> _Your objective_
Restate the data below word for word. Skip any images it contains.

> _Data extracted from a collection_
=======
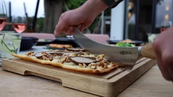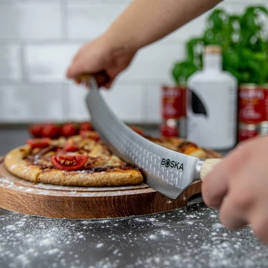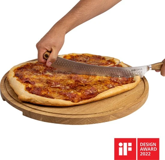 Pizza snijden was nog nooit zo eenvoudig en veilig als met het BOSKA Pizza & Kaasmes Oslo+. Met een wiegende beweging snij je soepel door de hardste pizza en kaaskorsten heen. Het roestvrijstalen mes is licht gebogen mes en non-stick door BSF™. Met twee stevig eikenhouten handvatten.
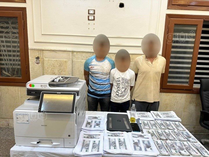 وعقب تقنين الإجراءات تم ضبطهم، وبحوزتهم (ماكينة طباعة – الأدوات المستخدمة فى التقليد – مبلغ مالى يشتبه فى كونه "مقلد" – 2 سلاح أبيض – جهاز "لاب توب"، "هاتف محمول" بفحصهما فنيًا تبين إحتوائهما على دلائل تؤكد نشاطهم الإجرامى).
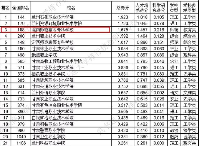 武书连2019中国1200所高职高专分省排行榜(甘肃)
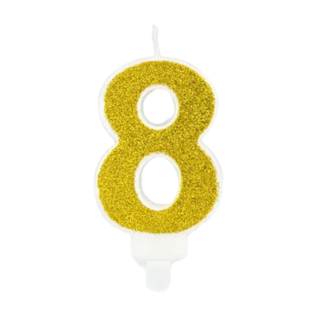 Notre bougie en forme de 8 est le complément parfait si vous désirez un gâteau d'anniversaire qui scintille. Elle se présente sous la forme de la lettre 8 et est recouverte de fines paillettes d'or, un véritable objet brillant qui illumine votre gâteau.
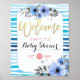 Poster Chá de fraldas Floral Azul Floral Bem-vindo
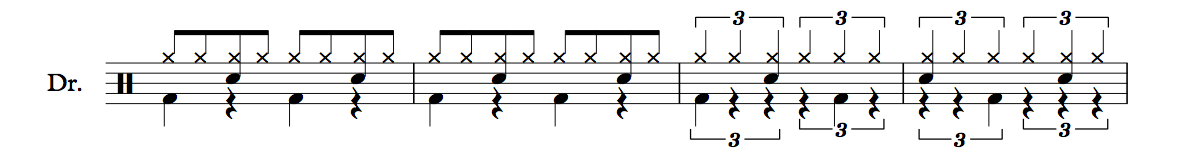 Next, we need to work on superimposing our original groove onto these 8th note triplets.  This groove is based on standard eighth notes and looks like this.
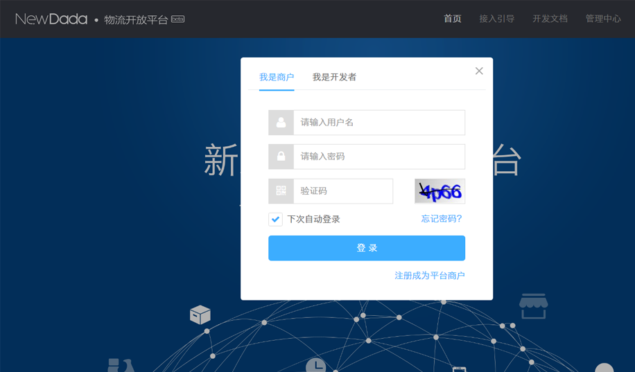第一步:注册平台商户,输入注册达达账号网址:[https://newopen.imdada.cn(点击注册即可)](https://newopen.imdada.cn/),选择我是商户——点击注册,填写手机号和企业资质等信息。
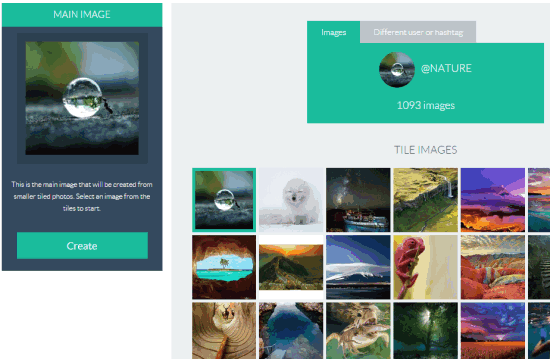 You can also use hashtag or public photos of any other user to create a photo mosaic. Unfortunately, you can’t save your photo mosaic with its free subscription. Although thumbnail size of your mosaic can be saved to PC, but to download your mosaic in high-resolution and size, you need to buy it.
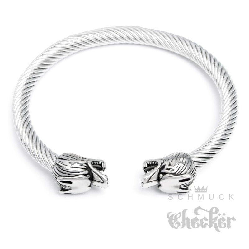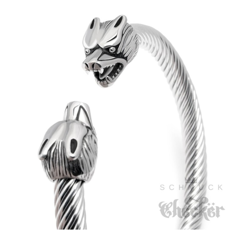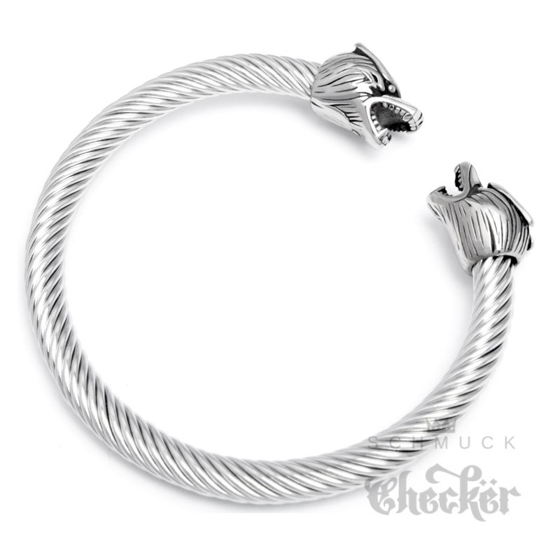 Edelstahl Herren Armreif Armspange Armband felxibel silber Wolf Wolfskopf
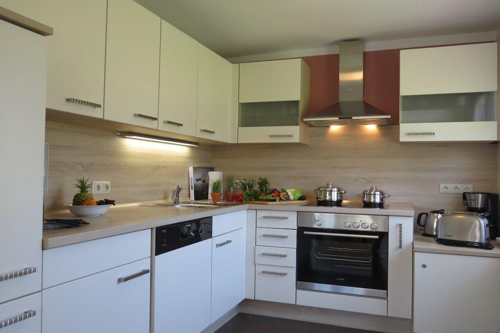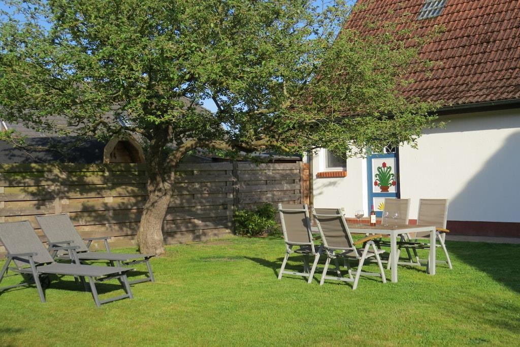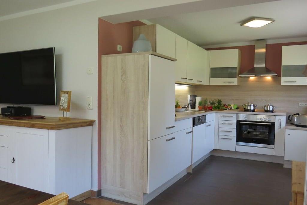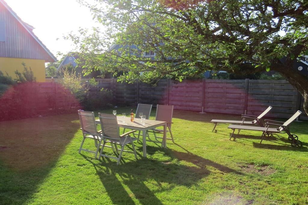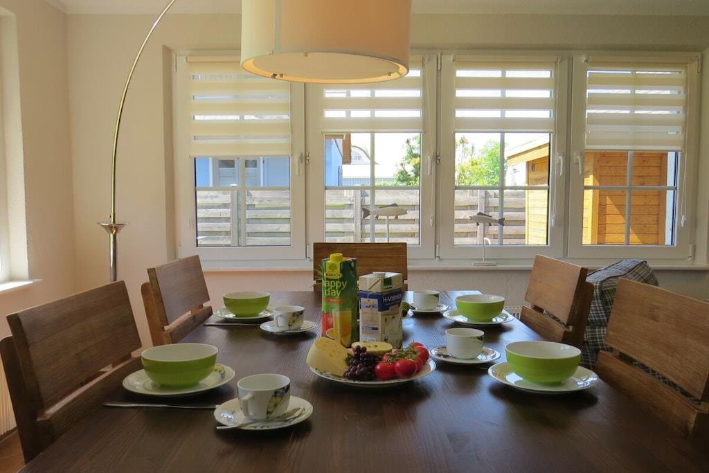 Genießen Sie die offene Küche mit umfangreicher Ausstattung. Eine Waschmaschine steht zur Verfügung. Das moderne Badezimmer ist mit einer großzügigen Dusche und WC ausgestattet. In 2 Schlafzimmer finden Sie einen erholsamen Schlaf. Im kleinen Schlafzimmer haben Sie die Wahl zwischen zwei Einzel- oder einem Doppelbett. Im großen Schlafzimmer (inkl. TV) lädt ein Doppelbett zum Kuscheln ein. Entspannen Sie in unserem Wohn- und Esszimmer. Neben genügend Büchern, Spielen und auch Spielsachen für Klein und Groß, sind mit unserem Sat-TV umfangreiche Sender vorhanden. Im Außenbereich gibt es eine Wiese mit Gartenmöbeln und Holzkohlegrill. Bitte beachten Sie, dass wir nur 1 Haustier aufnehmen (keine Haustiere in der Hauptsaison).
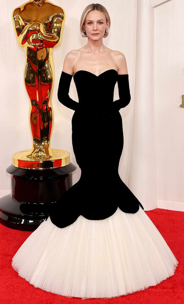 Η Carey Mulligan με custom mermaid φόρεμα από τον οίκο Balenciaga σε μαυρόασπρο χρώμα
=======
> _Problem solution_
 Pizza snijden was nog nooit zo eenvoudig en veilig als met het BOSKA Pizza & Kaasmes Oslo+. Met een wiegende beweging snij je soepel door de hardste pizza en kaaskorsten heen. Het roestvrijstalen mes is licht gebogen mes en non-stick door BSF™. Met twee stevig eikenhouten handvatten.
 وعقب تقنين الإجراءات تم ضبطهم، وبحوزتهم (ماكينة طباعة – الأدوات المستخدمة فى التقليد – مبلغ مالى يشتبه فى كونه "مقلد" – 2 سلاح أبيض – جهاز "لاب توب"، "هاتف محمول" بفحصهما فنيًا تبين إحتوائهما على دلائل تؤكد نشاطهم الإجرامى).
 武书连2019中国1200所高职高专分省排行榜(甘肃)
 Notre bougie en forme de 8 est le complément parfait si vous désirez un gâteau d'anniversaire qui scintille. Elle se présente sous la forme de la lettre 8 et est recouverte de fines paillettes d'or, un véritable objet brillant qui illumine votre gâteau.
 Poster Chá de fraldas Floral Azul Floral Bem-vindo
 Next, we need to work on superimposing our original groove onto these 8th note triplets.  This groove is based on standard eighth notes and looks like this.
第一步:注册平台商户,输入注册达达账号网址:[https://newopen.imdada.cn(点击注册即可)](https://newopen.imdada.cn/),选择我是商户——点击注册,填写手机号和企业资质等信息。
 You can also use hashtag or public photos of any other user to create a photo mosaic. Unfortunately, you can’t save your photo mosaic with its free subscription. Although thumbnail size of your mosaic can be saved to PC, but to download your mosaic in high-resolution and size, you need to buy it.
 Edelstahl Herren Armreif Armspange Armband felxibel silber Wolf Wolfskopf
 Genießen Sie die offene Küche mit umfangreicher Ausstattung. Eine Waschmaschine steht zur Verfügung. Das moderne Badezimmer ist mit einer großzügigen Dusche und WC ausgestattet. In 2 Schlafzimmer finden Sie einen erholsamen Schlaf. Im kleinen Schlafzimmer haben Sie die Wahl zwischen zwei Einzel- oder einem Doppelbett. Im großen Schlafzimmer (inkl. TV) lädt ein Doppelbett zum Kuscheln ein. Entspannen Sie in unserem Wohn- und Esszimmer. Neben genügend Büchern, Spielen und auch Spielsachen für Klein und Groß, sind mit unserem Sat-TV umfangreiche Sender vorhanden. Im Außenbereich gibt es eine Wiese mit Gartenmöbeln und Holzkohlegrill. Bitte beachten Sie, dass wir nur 1 Haustier aufnehmen (keine Haustiere in der Hauptsaison).
 Η Carey Mulligan με custom mermaid φόρεμα από τον οίκο Balenciaga σε μαυρόασπρο χρώμα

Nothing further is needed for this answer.